H.R. 4061 would require FSOC to use a more open process when deciding whether life insurers and other non-bank organizations are "systemically important financial institutions," or SIFIs.
Back in 2008, when the Great Recession began, federal regulators already had the authority to take over struggling banks.
Congress put the SIFI program in the Dodd-Frank Act of 2010 because members wanted to give federal financial services regulators a way to step in when it looked as if the meltdown of some other type of company could, possibly knock down the entire U.S. financial system.
Executives at American International Group Inc., brought a festering financial crisis out in the open in September 2008, when they warned federal regulators that they faced an enormous, escalating need for cash to serve as collateral for the company's credit defaults swaps operation.
The credit default swaps unit provided a kind of financial insurance against the risk that mortgage-backed securities would go bad. AIG ran into trouble when waves of borrower defaults hit mortgage-backed securities that once looked like excellent risks.
Supporters of the current SIFI designation system say federal regulators need tools for addressing massive problems at companies other than banks, and that the tools need to be flexible and opaque enough to keep the non-bank SIFIs' managers from evading necessary federal oversight.

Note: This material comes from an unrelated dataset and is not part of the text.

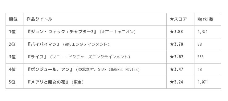 ※ 本ランキングは公開日から7月10日までの★スコアが3.0以上の作品を対象としています。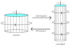A equação (3) é o equivalente atmosférico ao momento angular. Por exemplo, uma patinadora no gelo girando com os braços abertos lateralmente pode acelerar sua velocidade de rotação contraindo os braços. Da mesma forma, quando um vórtice de ar se alarga, ele, por sua vez, gira mais lentamente. Quando o ar converge horizontalmente, a velocidade do ar aumenta para manter a vorticidade potencial e a extensão vertical aumenta para conservar a massa. Por outro lado, a divergência faz com que o vórtice se espalhe, diminuindo a velocidade de rotação.

Life insurers have argued that AIG's credit default swaps business had nothing to do with ordinary life insurance operations, that ordinary life insurance operations pose no threat to the stability of the U.S. financial system, and that the SIFI designation process has created costly, nerve-wracking headaches for life insurers.
MetLife Inc., for example, went to court to free itself from SIFI status and won. In April 2016, a federal judge ruled that the process FSOC used to designate MetLife as a SIFI was arbitrary and capricious.